(Entries taken from a collection)
^^^^
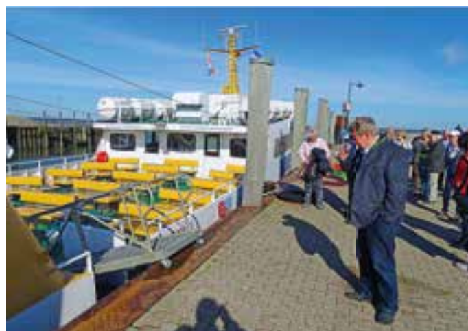
Mit dem Adler-Schiff ging es zur Hallig Gröde.

Abendessen mit anschließender fröhlicher Runde.
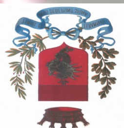
Comune di Terni
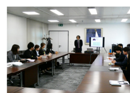
在ジュネーブ国際機関日本政府代表部 ブリーフィング
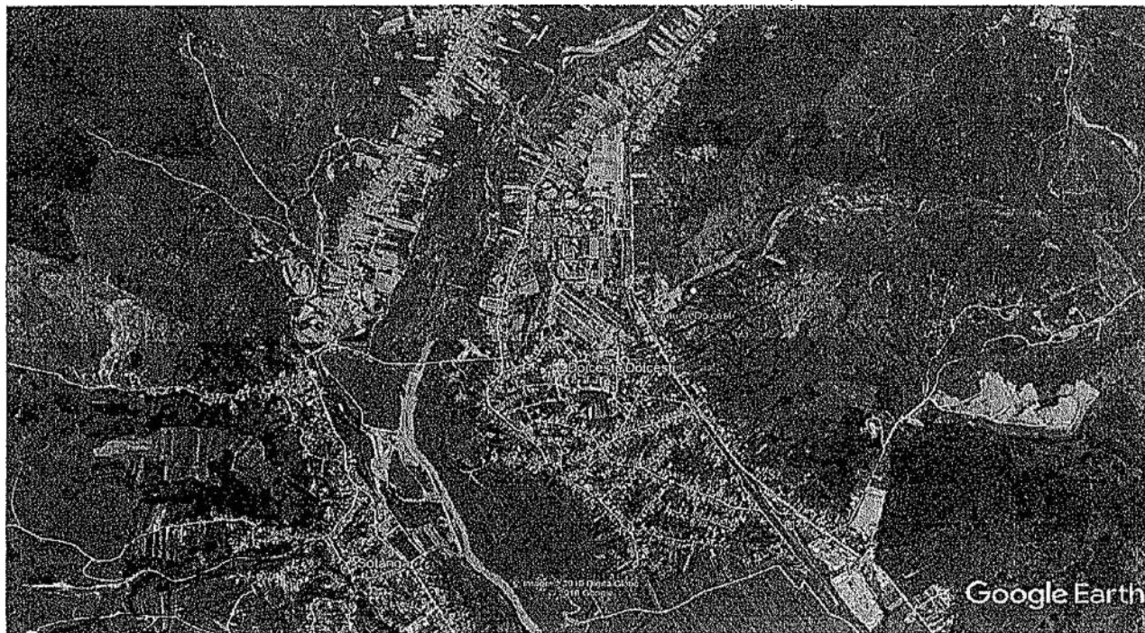
Imagine comuna, Doicești
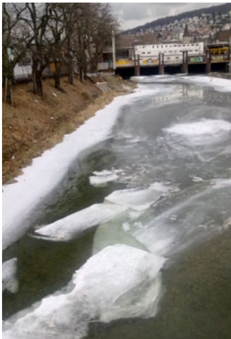
Der Frühling dieses Jahres war überdurchschnittlich warm. Sowohl der März als auch der Mai lieferten einen Wärmeüberschuss von mehreren Grad Celsius. Wer erinnert sich da noch an den kalten Februar mit Temperaturen in Zürich bis zu minus 14 Grad? Eis auf der Sihl war die Folge. Die Aufnahme wurde am 16. Februar 2012 von der Gessnerbrücke mit Blick Richtung Hauptbahnhof gemacht. (Text und Foto: aaj)
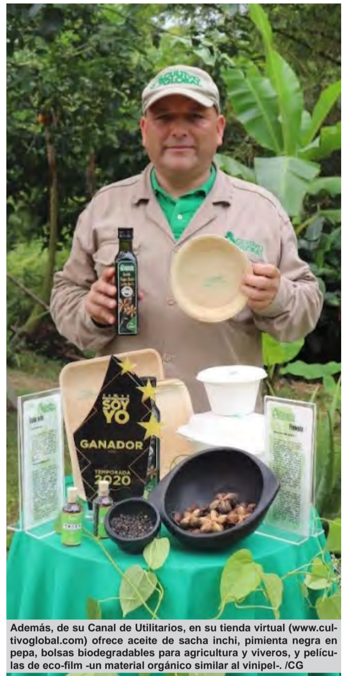
Además, de su Canal de Utilitarios, en su tienda virtual ( www.cultivoglobal.com ) ofrece aceite de sachá inchi, pimienta negra en pepa, bolsas biodegradables para agricultura y viveros, y películas de eco-film -un material orgánico similar al vinipel-. /CG

Adicional a ello, Cultivo Global ofrece la posibilidad de desarrollar proyectos con inversores propietarios de terrenos interesados en crear negocio, o a aquellos con capital para invertir en los campos forestal, agrónomo o medioambiental, asesorándolos como socios estratégicos en el tema de exportación y co-
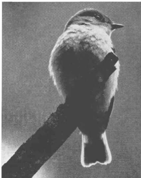
Abb. 3: Zwergschnäpper, einjähriges ♂; NSG Donoper Teich, 1. Juni 1968.

Beide im Frühjahr 1968 beobachteten ♂♂ durchstreiften ständig ihr Revier und setzten sich vorzugsweise auf Zacken und Astenden der Dürzweigezone (Abb. 3), um von dort aus zu singen oder Insekten zu fangen. Beide
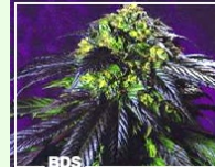
Haze 19x Skunk 46,00EUR
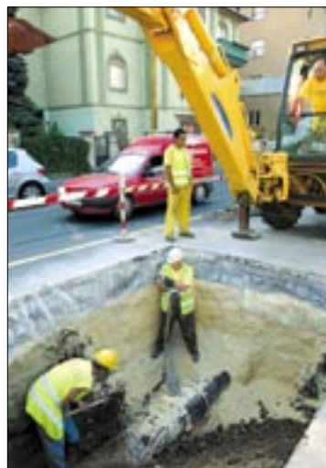
A munka lassan halad, mint a kocsior
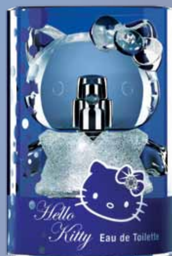
S 82056 Set Eau de toilette Hello Kitty Diamond contiene 4 eau de toilette 50 ml in confezione regalo trasparente e dei campioncini
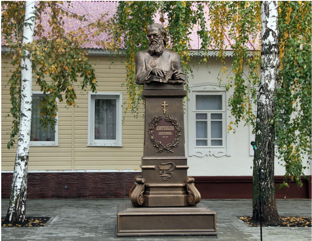
памятник святителю Луке на улице Комсомольской г. Тамбова

После открытия бюста последовала презентация мемориальной музейной экспозиции «Келья архиепископа Луки», которая создана в доме, где жил святитель.
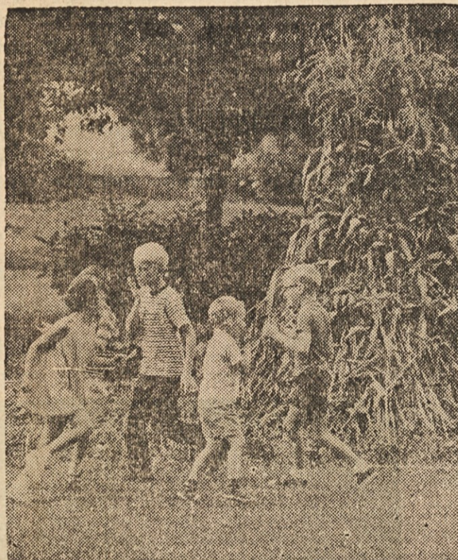
JESENSKA IDILA — Poljski pridelki so pospravljeni, buče je dosegla že prva slana, vendar vabi indijsko poletje otroke še vedno sonce v jesensko prirodu.
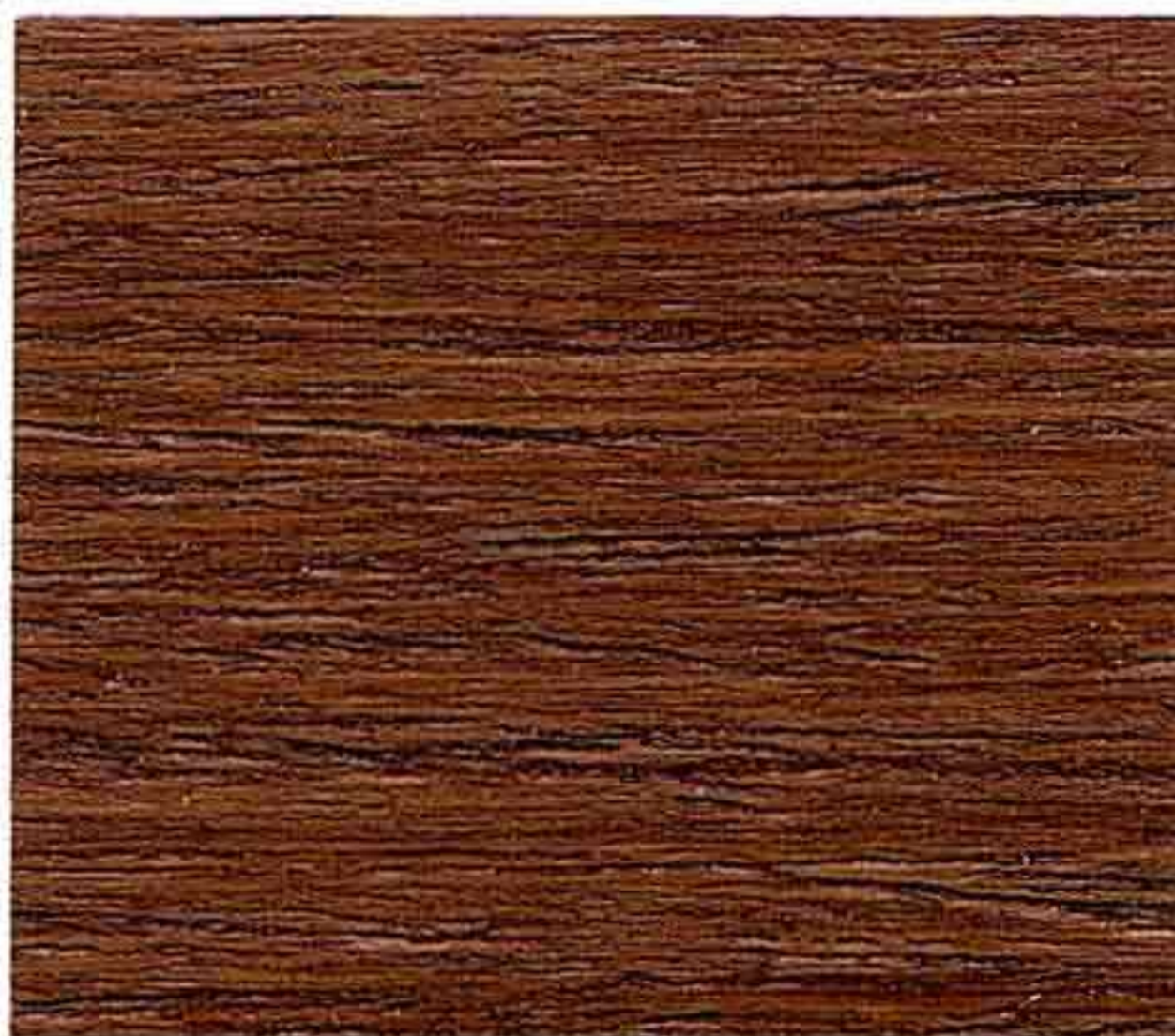
NOCE CHIARO 2° MANO
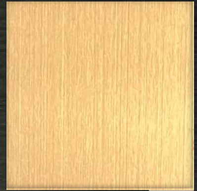
15. HL Rose Gold
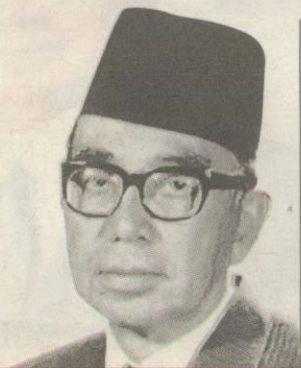
Tun Abdul Razak Hussein
^^^^
* **Work required**:
Among the lines of the data, identify those with the word "sich". Copy each of them.

* **Answer for this exercise**:
Der Frühling dieses Jahres war überdurchschnittlich warm. Sowohl der März als auch der Mai lieferten einen Wärmeüberschuss von mehreren Grad Celsius. Wer erinnert sich da noch an den kalten Februar mit Temperaturen in Zürich bis zu minus 14 Grad? Eis auf der Sihl war die Folge. Die Aufnahme wurde am 16. Februar 2012 von der Gessnerbrücke mit Blick Richtung Hauptbahnhof gemacht. (Text und Foto: aaj)
Beide im Frühjahr 1968 beobachteten ♂♂ durchstreiften ständig ihr Revier und setzten sich vorzugsweise auf Zacken und Astenden der Dürzweigezone (Abb. 3), um von dort aus zu singen oder Insekten zu fangen. Beide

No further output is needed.